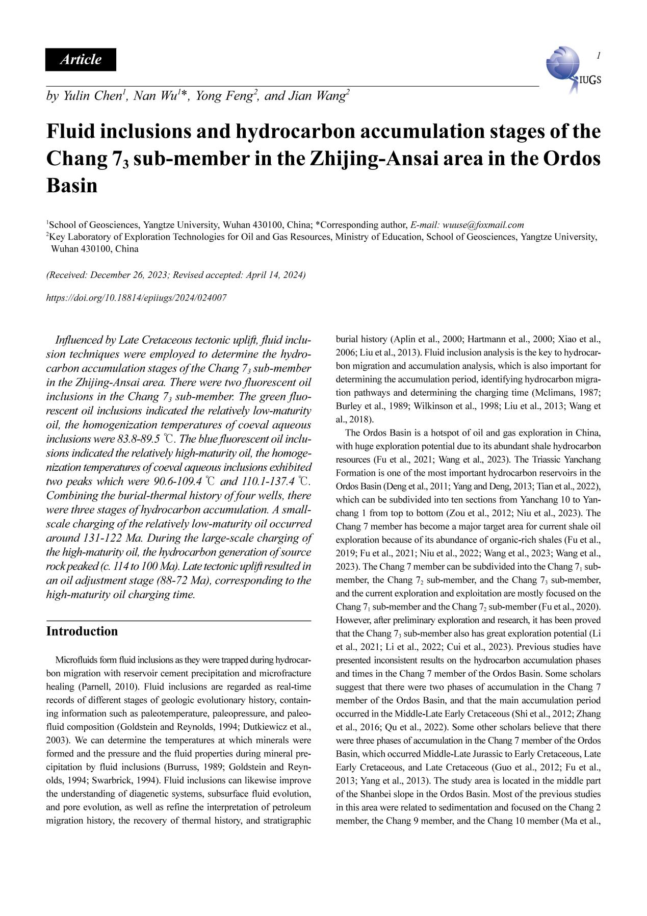 地科学院硕士生陈雨霖在《EPISODES》上发表题为“Fluid inclusions and hydrocarbon accumulation stages of the Chang 73 sub-member in the Zhijing-Ansai area in the Ordos Basin”的研究论文。yl7703永利集团为论文第一署名单位,硕士生陈雨霖为论文第一作者,教师吴楠为通讯作者。
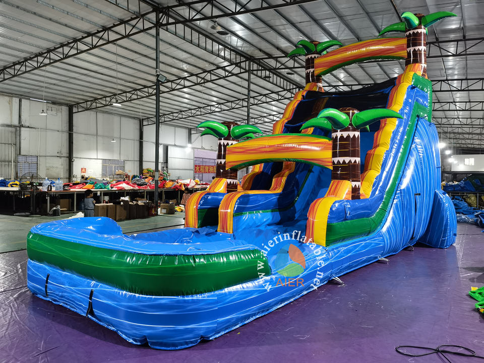 Nuevo Tobogán Acuático Inflable Tropical Comercial con Piscina Inflable Gigante para Alquiler en Fiestas, Precio de Fábrica
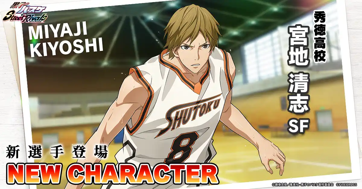株式会社ファイブクロスは、アニメ『黒子のバスケ』の3Dバスケゲーム『黒子のバスケ Street Rivals』(黒バスSR)において、「宮地清志(SF)」が登場する期間限定イベントを開始したことを発表いたしました。
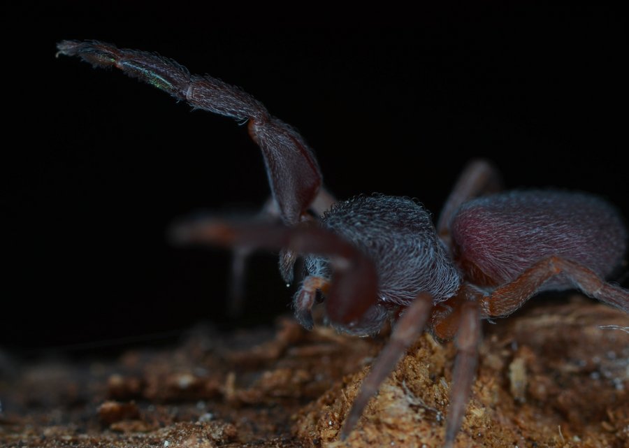 Palpimanus gibbulus, Weibchen benutzt die Vorderbeine wie Antennen. Tier 7mm, unter Stein gefunden, aus Uri in Sardinien.
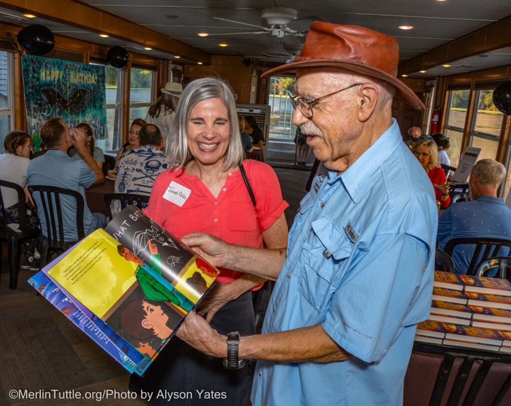 Author, Janet Nolan, showing her book 'Bats Beneath the Bridge' to Merlin during our Merlin Tuttle Day cruise.
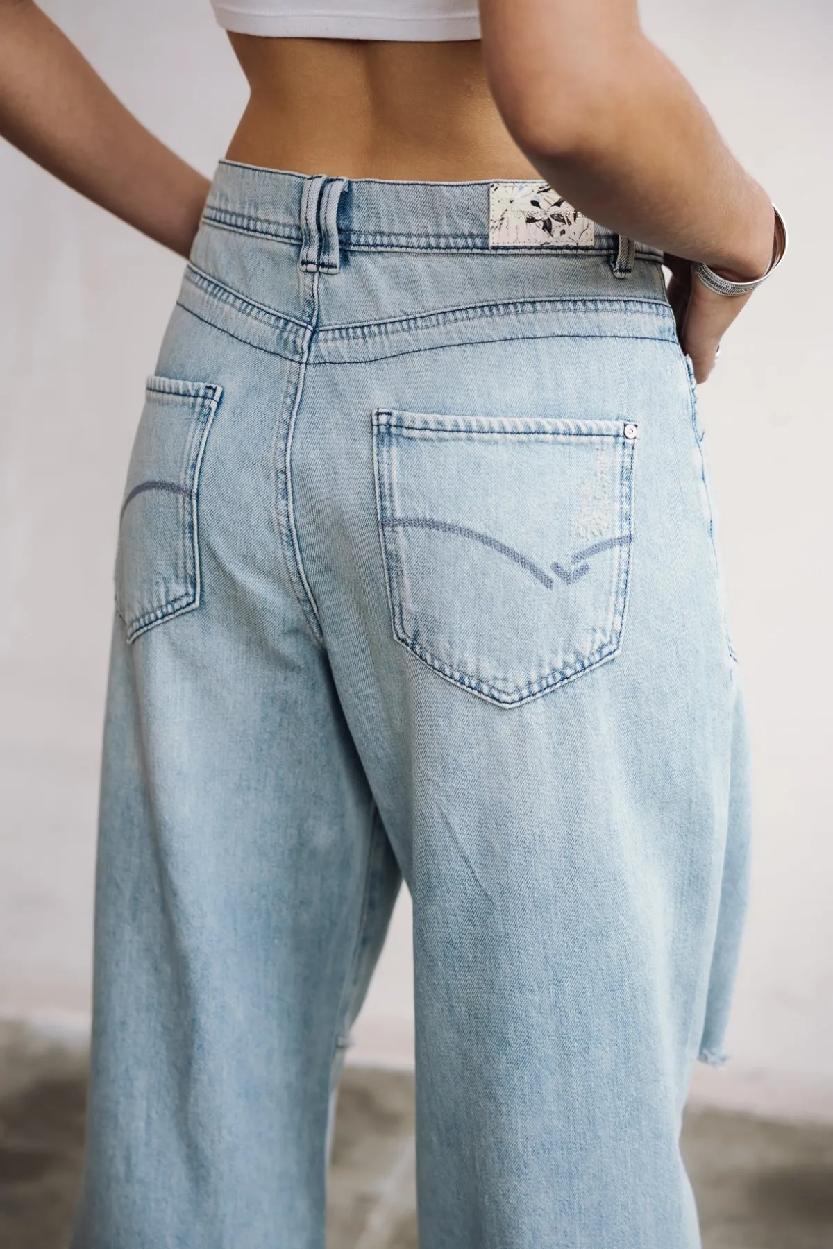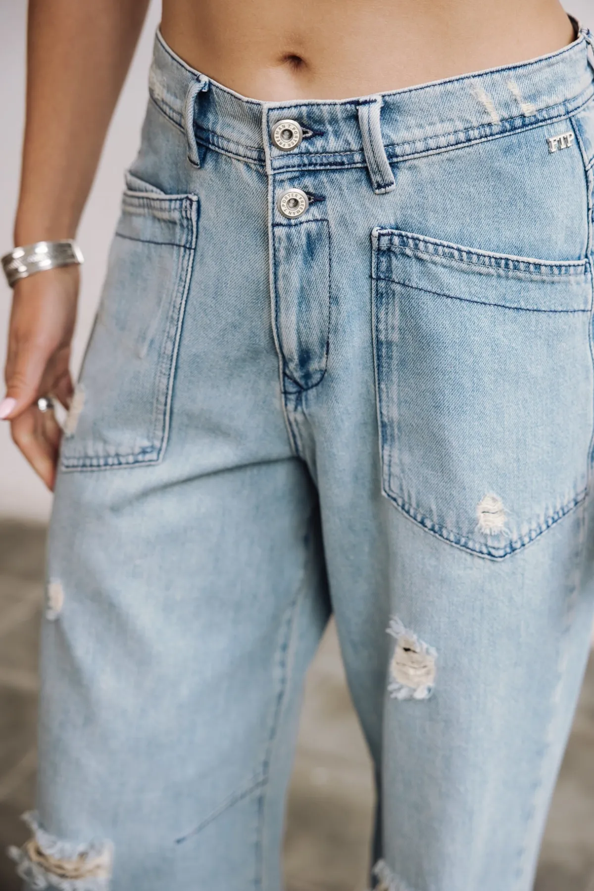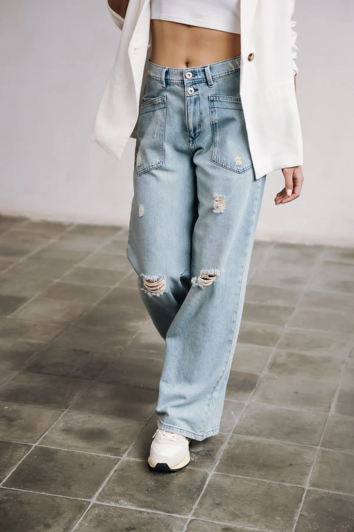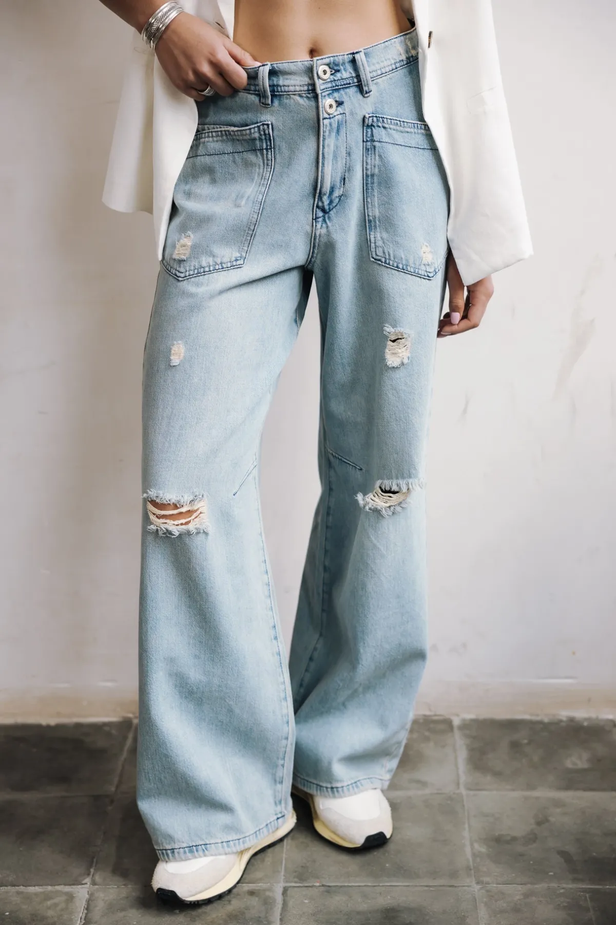 – Light blue, bleached wash, with rips
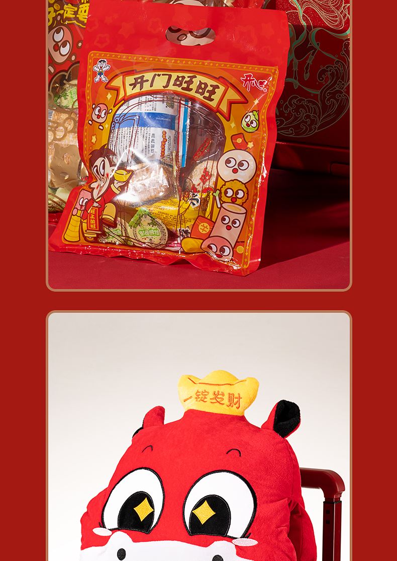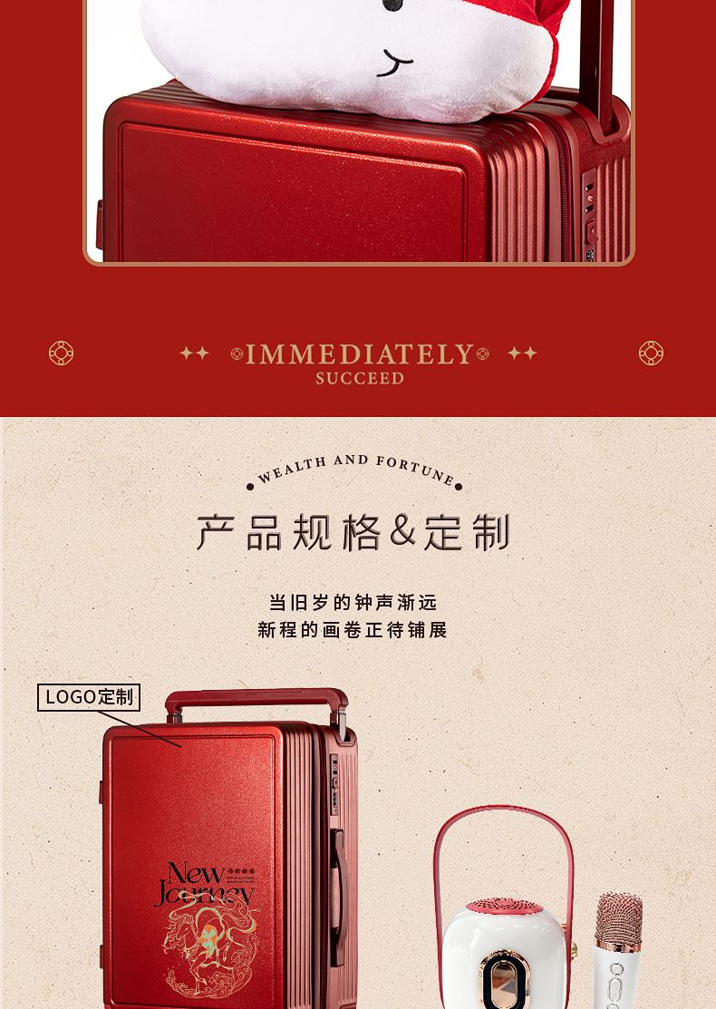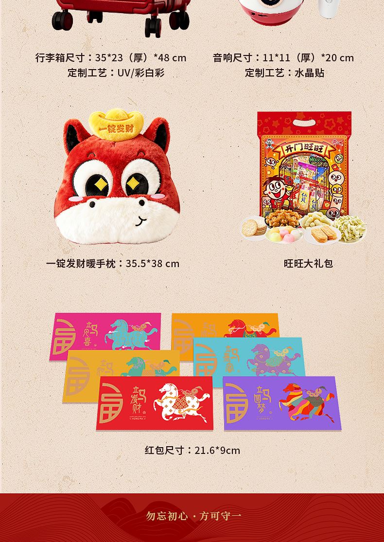 产品配置:20寸行李箱、多功能蓝牙音响加氛围灯加唛、一锭发财可爱抱枕、旺旺大礼包、马年大吉红包*6
------------------------------------------------
Please provide a faithful transcription of all the data, pictures excluded.

 地科学院硕士生陈雨霖在《EPISODES》上发表题为“Fluid inclusions and hydrocarbon accumulation stages of the Chang 73 sub-member in the Zhijing-Ansai area in the Ordos Basin”的研究论文。yl7703永利集团为论文第一署名单位,硕士生陈雨霖为论文第一作者,教师吴楠为通讯作者。
 Nuevo Tobogán Acuático Inflable Tropical Comercial con Piscina Inflable Gigante para Alquiler en Fiestas, Precio de Fábrica
株式会社ファイブクロスは、アニメ『黒子のバスケ』の3Dバスケゲーム『黒子のバスケ Street Rivals』(黒バスSR)において、「宮地清志(SF)」が登場する期間限定イベントを開始したことを発表いたしました。
 Palpimanus gibbulus, Weibchen benutzt die Vorderbeine wie Antennen. Tier 7mm, unter Stein gefunden, aus Uri in Sardinien.
 Author, Janet Nolan, showing her book 'Bats Beneath the Bridge' to Merlin during our Merlin Tuttle Day cruise.
 – Light blue, bleached wash, with rips
 产品配置:20寸行李箱、多功能蓝牙音响加氛围灯加唛、一锭发财可爱抱枕、旺旺大礼包、马年大吉红包*6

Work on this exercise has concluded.